本当に、言うとおりだ。ハレルヤも今では、何が何でも学園に残るべきだったのではないかと悔いているのである。ここにいては行動の制限が付くだけではない、情報が後々に回って何の手だても考えることが出来ない。考えついても、行動にうつせないのだ。
これほどまでに面倒な事態、避けようと思って避けるべきだった。
「今日もまた停学者とか出るのかな…」
「出るんじゃねーの?ソーマの奴もアウトだったんだろ?」
「…うん」
こくりと頷くアレルヤを見て、ティエリアが険しい表情を浮かべた。事の一部始終は既にソーマ本人から聞いてるから、その時の事が色々と浮かんでいるのだろう。
そんな彼の隣でポツリと、刹那が呟いた。
「…横暴だな」
「はっ。横暴ってか独裁じゃねぇか?」
「彼らからしたら、ヴェーダだって独裁、だったんだろうけど…」
「だが、ヴェーダの場合は民主主義的な横暴だ」
学園所有者の横暴は、確かに存在していたと言うことは認める。だが、それは決して彼女からの押しつけではない。拒否をしようと思ったら、彼女はきっと直ぐに引く。

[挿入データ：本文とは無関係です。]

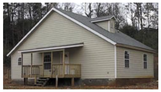
This home in Birmingham was built in 1998 and shows roof panel components clearly. Panels are light in weight and easily assembled.

cut costs while improving quality. The cementitious panel can do that. There have been problems with OSB (SIPs) when they get wet, but this panel is coated at the factory. We've run it through all kinds of moisture penetration tests without problems.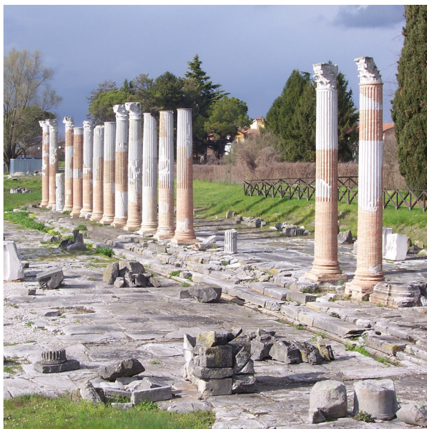
Fig. 8. Aquileia (Udine, Italy). The forum of the colony, entirely constructed in Aurisina limestone. For the square's paving 1500 m 3 of limestone was used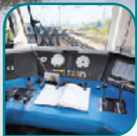
5 Driving cabin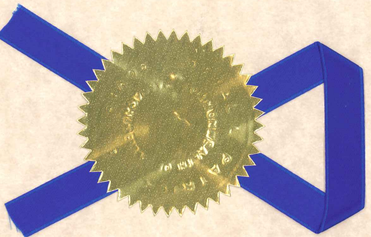
WILLIAM FRANCIS GALVIN SECRETARY OF THE COMMONWEALTH

God Save the Commonwealth of Massachusetts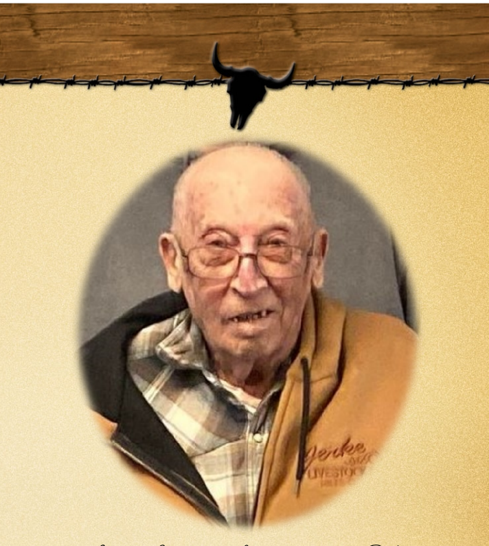
In Loving Memory Of

Arrangements By Stevenson & Sons Funeral Home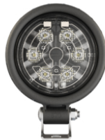
Part Number 1403481 12-24V LED Heated Work Light with Spot Beam Pattern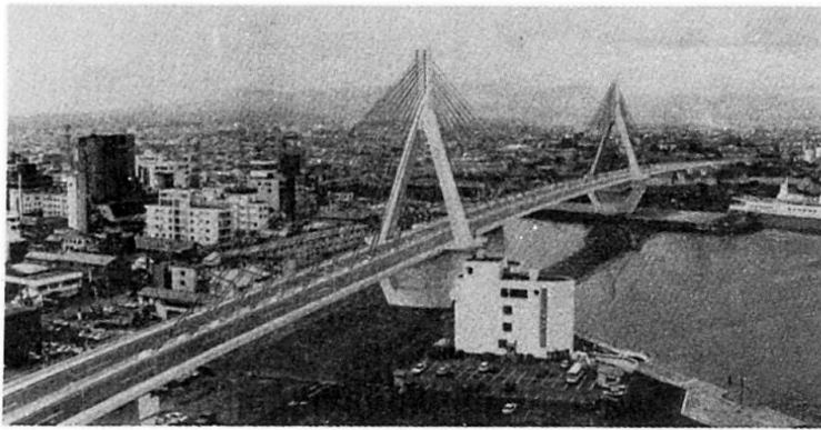
Fig. 5 Photomontage of completed Aomori Bay Bridge

The Aomori Bay Bridge, whose opening is scheduled for the summer of 1992, is now at the final stage of construction and is beginning to unveil itself. It is believed that various aesthetic considerations, as well as the unique structure of a cable-stayed bridge, will dramatize the existence of the bridge (Fig. 5).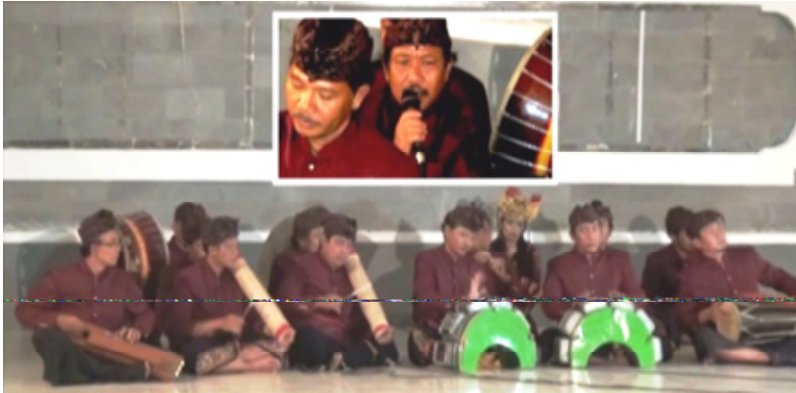
Picture 5 The development music of gula gending in context of Competitive Research Grant in 2016.

Creativity and development towards the gula gending music what was done in 2016 was also done by including vocal and dance elements. The inclusion of these two elements of performing arts makes the development in creativity of gula gending music that produces a performance art that is interesting and communicative.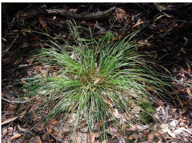
River Hook-sedge.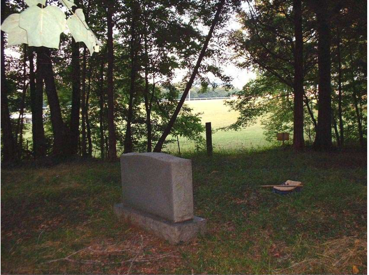
Moore - Landman Cemetery, Redstone Arsenal, Madison Co., AL, June, 2002.

Backside of the memorial to the Burns families, looking from center of the cemetery toward the north.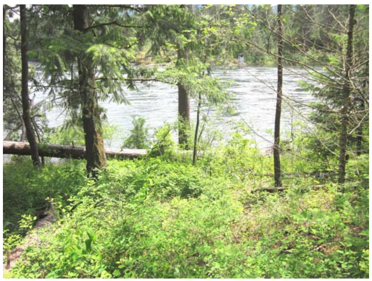
Figure 2. Treend Property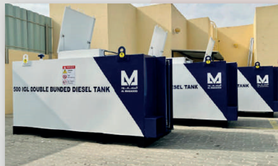
DESIGN, SUPPLY & FABRICATION OF 500G & 1000G DOUBLE WALL BUNDED TANKS

それも分からない彼らに、学園を同行できるわけもないだろうに。
呆れ。それを全面に押し出すような表情を浮かべている間に、がた、と音を立ててアレルヤと刹那が立ち上がった。
「じゃあ、そろそろ僕らは行くから」
「帰ったら状況を連絡する」
「…頼む」
「気をつけてけよ」
遠ざかる背を見送り、ハレルヤは口惜しさを覚えた。
でも、この場合、もしかしたらグラハムがいなくなって少しホッとした人もいるかも知れない…という可能性も否めません。でも、そういう人も少しもの悲しさを覚えていたり。
多分、カタギリは少し休憩時間が貰えた、くらいにしか思ってないと思います。どうせどうにかなるだろう、と。